Is there a way to optimize the counter function? I’ve tried using LoopVectorization it complained saying ERROR: LoadError: Don't know how to handle expression. if i == element_of_interest .
arr = rand(1:5, 100)
given = 4
@btime countmap($arr)
# 684.667 ns (6 allocations: 1.50 KiB)
function counter(x, element_of_interest)
count = 0
for i in x
if i == element_of_interest
count+=1
end
end
return count
end
@btime counter($arr, $given)
# 17.635 ns (0 allocations: 0 bytes)
function counter_turbo(x, element_of_interest)
count = 0
@turbo for i in eachindex(x)
count+= x[i]==element_of_interest
end
return count
end
@btime counter_turbo($arr, $4)
# 17.635 ns (0 allocations: 0 bytes)
Timings of both counter and counter_turbo are eerily same. Upon checking @code_native of counter it seems the compiler has vectorized it.
Speaking of things learned, I want to remind myself here (even to myself) of an algorithm discovered (by Dan?) in the DataFrames code, during a discussion (not long ago) about the efficiency of the groupby() function.
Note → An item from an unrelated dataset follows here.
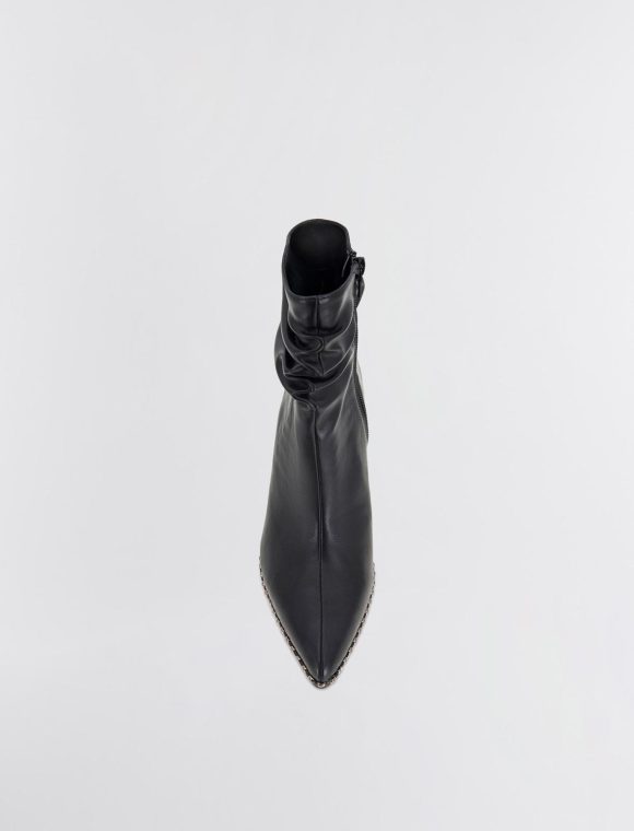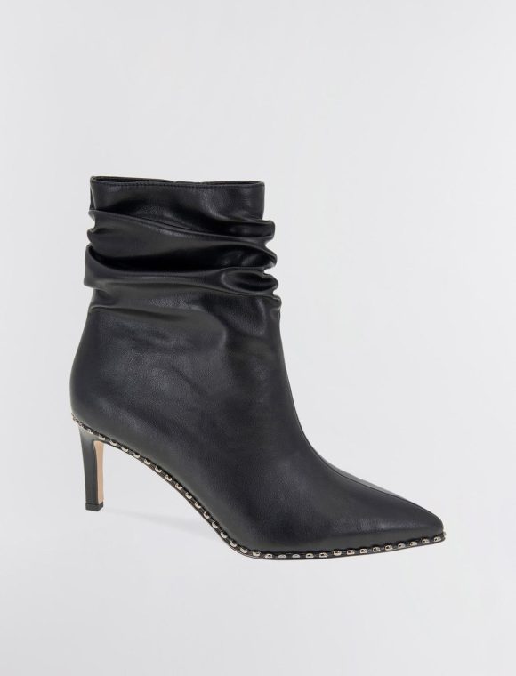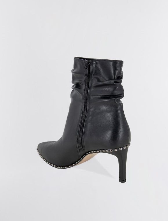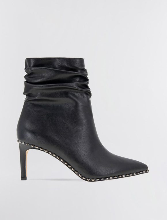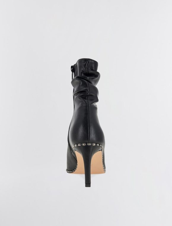 Black pointed toe bootie with an effortless mood. Done from faux leather with metal chain trim and a slouchy design. Complete with an inner zipper closure and a sleek stiletto heel.
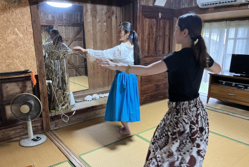 伊是名島に着いたら民泊TAROYAで沖縄らしいブレスレットつくり体験をします。天気が良ければ近くの伊是名ビーチでハワイアンフラができるかも!?

Applying it to the countmap case always gives excellent results
How, if any, can one find an optimal value for ts?
function countmap3(v, ts)
m,M =extrema(v)
if (M-m)/length(v)>ts
countmap(v)
else
res=fill(0,M-m+1)
for i in eachindex(v)
res[v[i]-m+1]+=1
end
return Pair.(m:M,res)
end
end
Perhaps the strategy used to establish when it is better to use a sparse array instead of a dense array could be applicable in this case too?
Calculating the extrema requires scanning through v, and isn’t so cheap to begin with. There are tradeoffs. countmap should have good optimization effort invested in it, as it is ubiquitous.
It’s a good method if you know an upper bound on the range of values, for example if the values are of type Int8, or represent some limited physical or logical quantity.